Metrics are served as lock-free atomic snapshots on a path separate from the writer thread. Even if the writer dies, /metrics stays alive — the most important information available at the most critical moment.

crates/quipu-middleware/src/metrics.rs — lock-free histogrampub struct PipelineMetrics {
    queue_depth: AtomicI64,
    writes_ok: AtomicU64,
    writes_parked: AtomicU64,   // events sent to DLQ
    events_lost: AtomicU64,     // store + DLQ both failed
    latency_buckets: [AtomicU64; LATENCY_BUCKETS_SECS.len()], // histogram
    latency_sum_micros: AtomicU64,
}

Key metrics and recommended alerts.

Metric	Type	Alert threshold
`quipu_writer_alive`	gauge	page immediately if == 0
`quipu_disk_full`	gauge	page immediately if == 1
`quipu_events_lost_total`	counter	page immediately if rate > 0
`quipu_dlq_entries`	gauge	warn if > 0 persists for several minutes
`quipu_disk_low`	gauge	warn if == 1
`quipu_write_latency_seconds`	histogram	monitor for rising p99 trend

GET /v1/healthz: three states

healthz returns JSON: {"status": "ok"/"degraded"/"unhealthy", "reasons": [...]}.

unhealthy (HTTP 503) — writer thread is dead, ENOSPC latch is set, or the store root probe failed.
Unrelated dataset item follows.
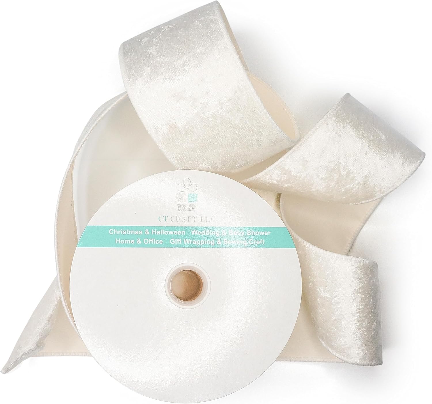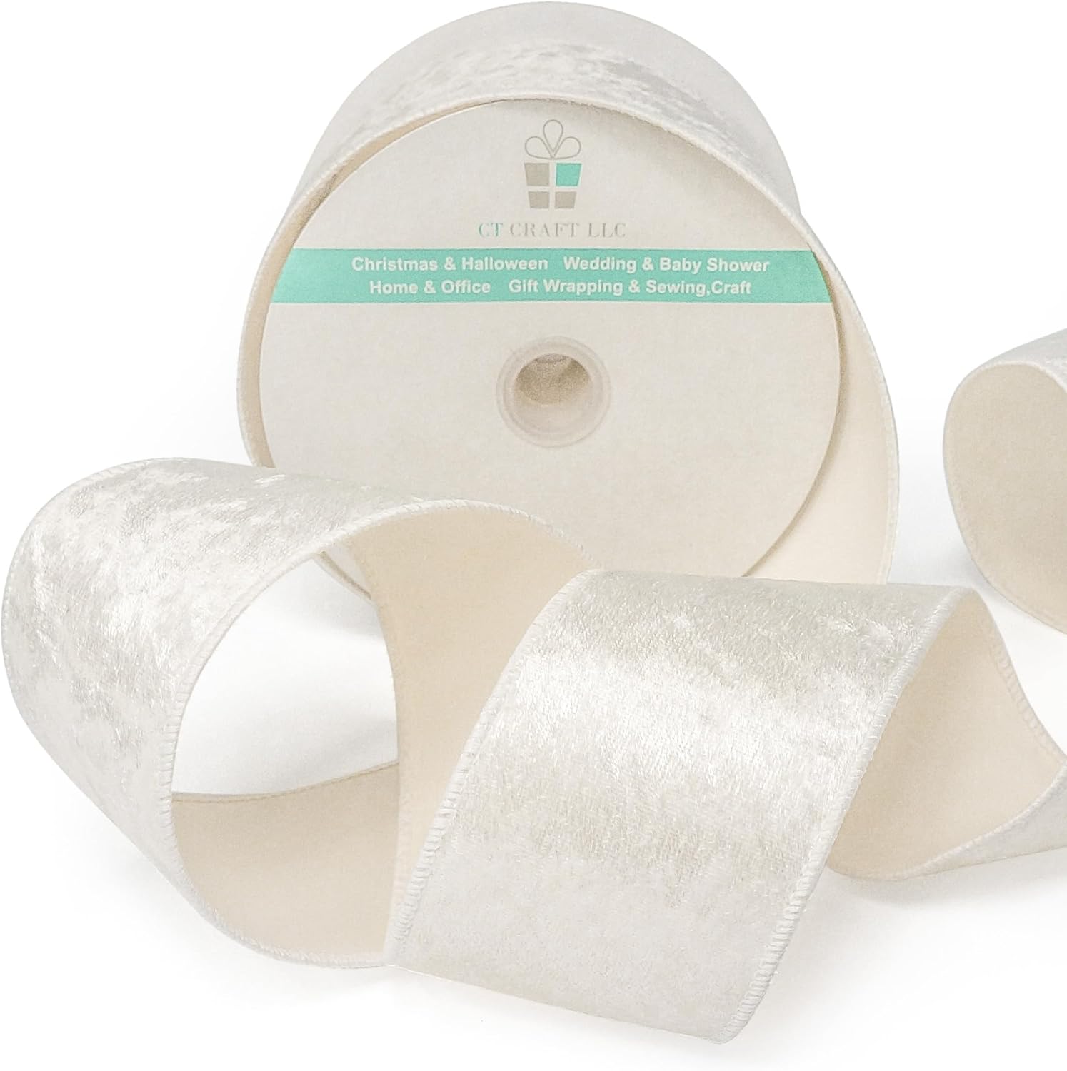 - EASY TO USE - The 10-yard long Ivory Velvet Ribbon 2.5" is enough for all the decorating and accenting your DIY Crafts. The Ivory Velvet Ribbon 2.5" is easy to use and won’t tangle. It can be tied or glued on gift packages and DIY craft projects such as car and chair bow, wreath, flower bouquet.
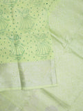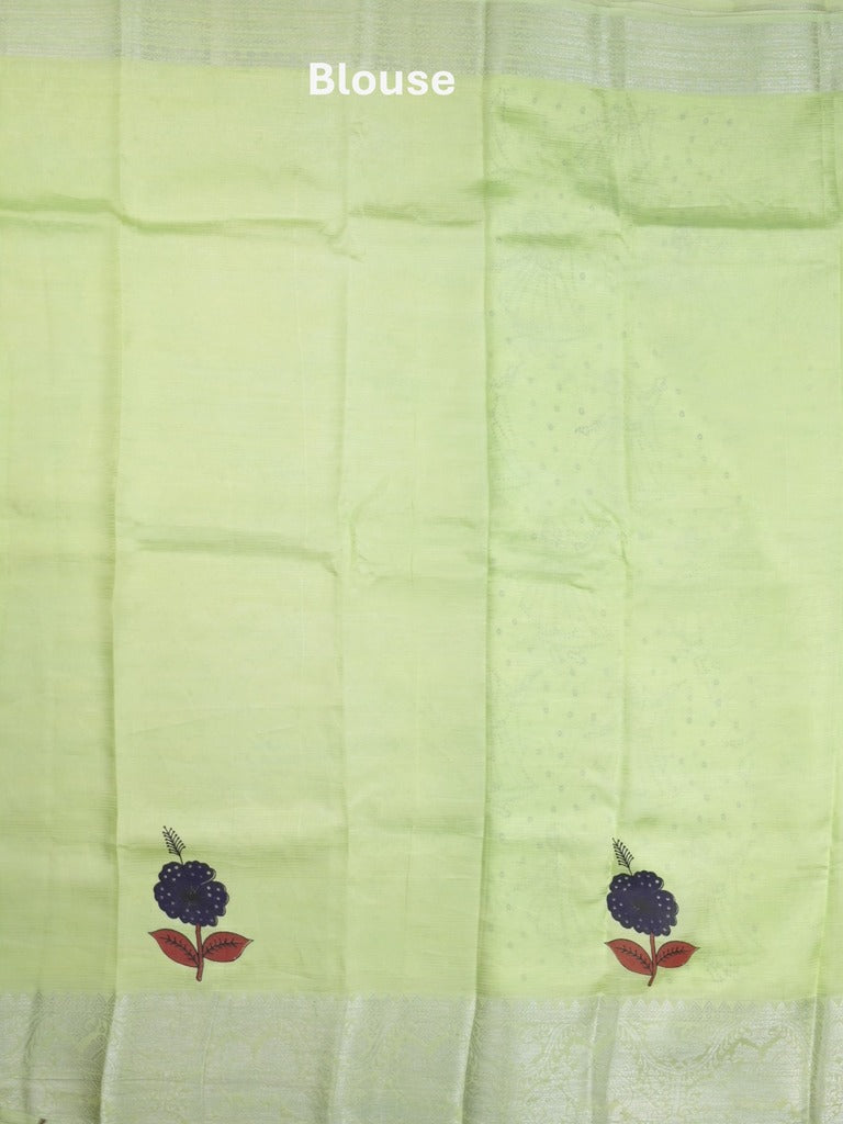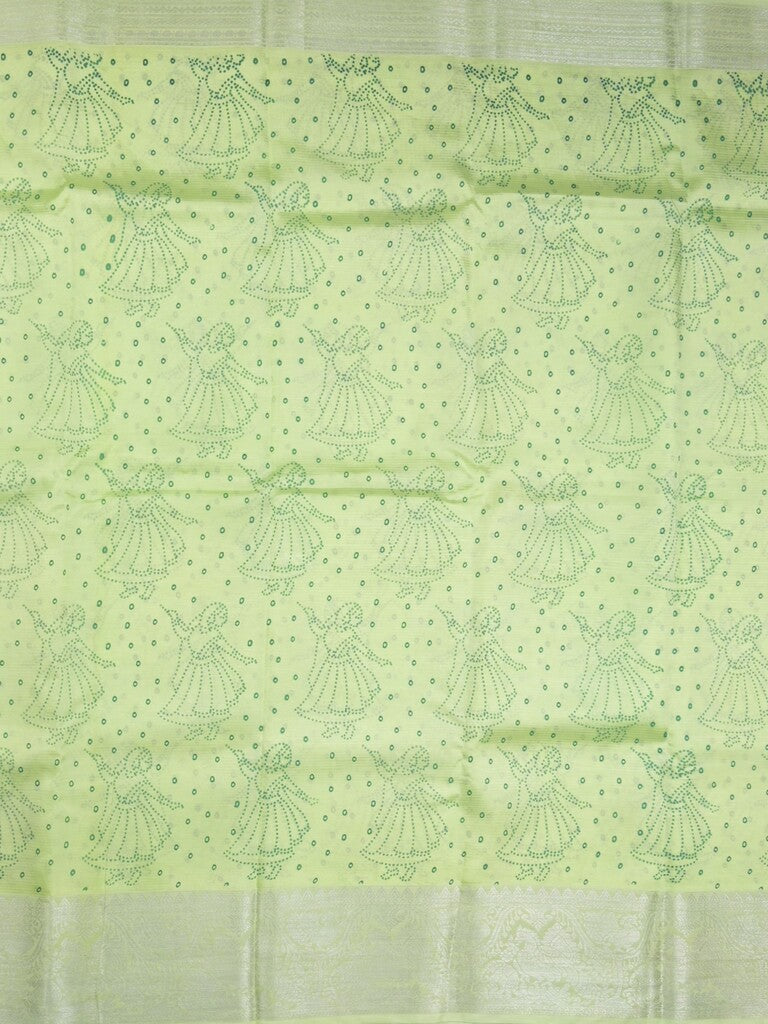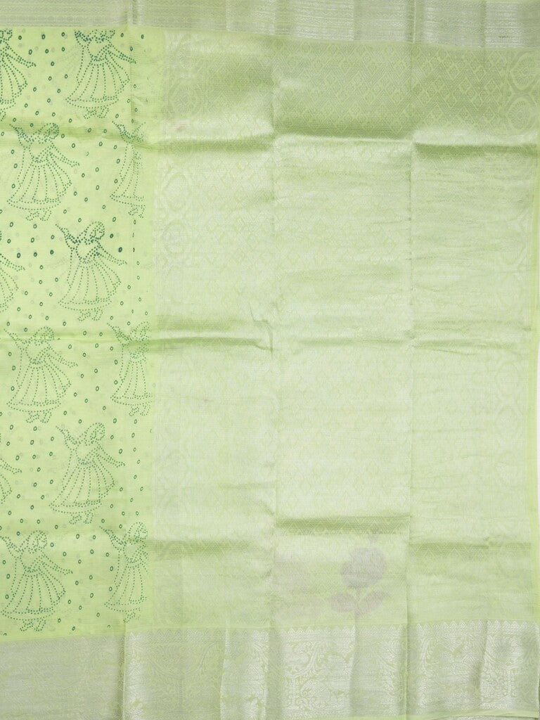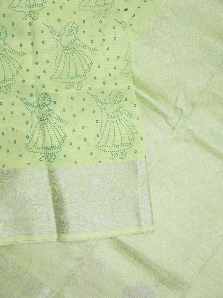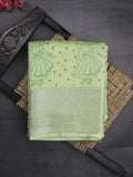 Mangalagiri fancy saree light green color allover prints & zari border with rich pallu and plain blouse

Events are not being persisted.
degraded (HTTP 200) — writes are working but disk free space is below the threshold. The 200 is the point — a load balancer must not pull this instance. Alerts should fire on the status field, not the status code.
ok (HTTP 200) — everything is normal.

crates/quipu-middleware/src/health.rs — HealthStatepub struct HealthState {
    writer_alive: AtomicBool,
    disk_full: AtomicBool,    // ENOSPC latch — auto-clears on successful write
    low_disk: AtomicBool,     // early warning — below disk threshold
    // all atomic — healthz remains readable even if the writer dies
}

syslog / SIEM mirror

Add "sink": {"syslog_udp": "10.0.0.5:514"} to the config and every audited event is mirrored to the SIEM as RFC 5424 syslog over UDP. The mirror is best-effort — if the backlog fills, lines are dropped and the write path is never blocked. The store is the system of record; the SIEM holds a skeleton copy.

Security note

GET /metrics requires an administer token. Metrics contain internal operational details — queue depth, DLQ state, and so on — that could become an attack surface if exposed publicly. Make sure your Prometheus scrape configuration always includes the bearer token.

Closing the book: what it means to build a database on files

This book started with a single question: "How do you hand-build everything a database gives you for free, on top of plain files?" We built a WAL out of an append-only file, detected torn writes with CRC, tuned durability with fsync policy, and enforced a single writer with a file lock. We built indexes directly in memory and made reads non-blocking with snapshots. We layered Merkle trees on top for tamper-evidence, and searched without plaintext using AEAD and blind indexes. And at the end, we scaled this simple single-writer design — without making it complex — using client-side spooling and sharding. At every layer, one principle held without exception: keep it simple, and don't add complexity where you don't have to. That is the deepest lesson Quipu-Log — and every storage engine built on a filesystem — has to teach.

Check yourself

① Why is quipu-mcp an HTTP client rather than an embedded store? How does that connect to the single-writer design?
② Why does /v1/healthz return HTTP 200 in the "degraded" state? What operational problem would returning 503 cause?
③ Looking back at the whole book, pick three examples where something a database "gives you for free" was instead built directly on files, and explain each one.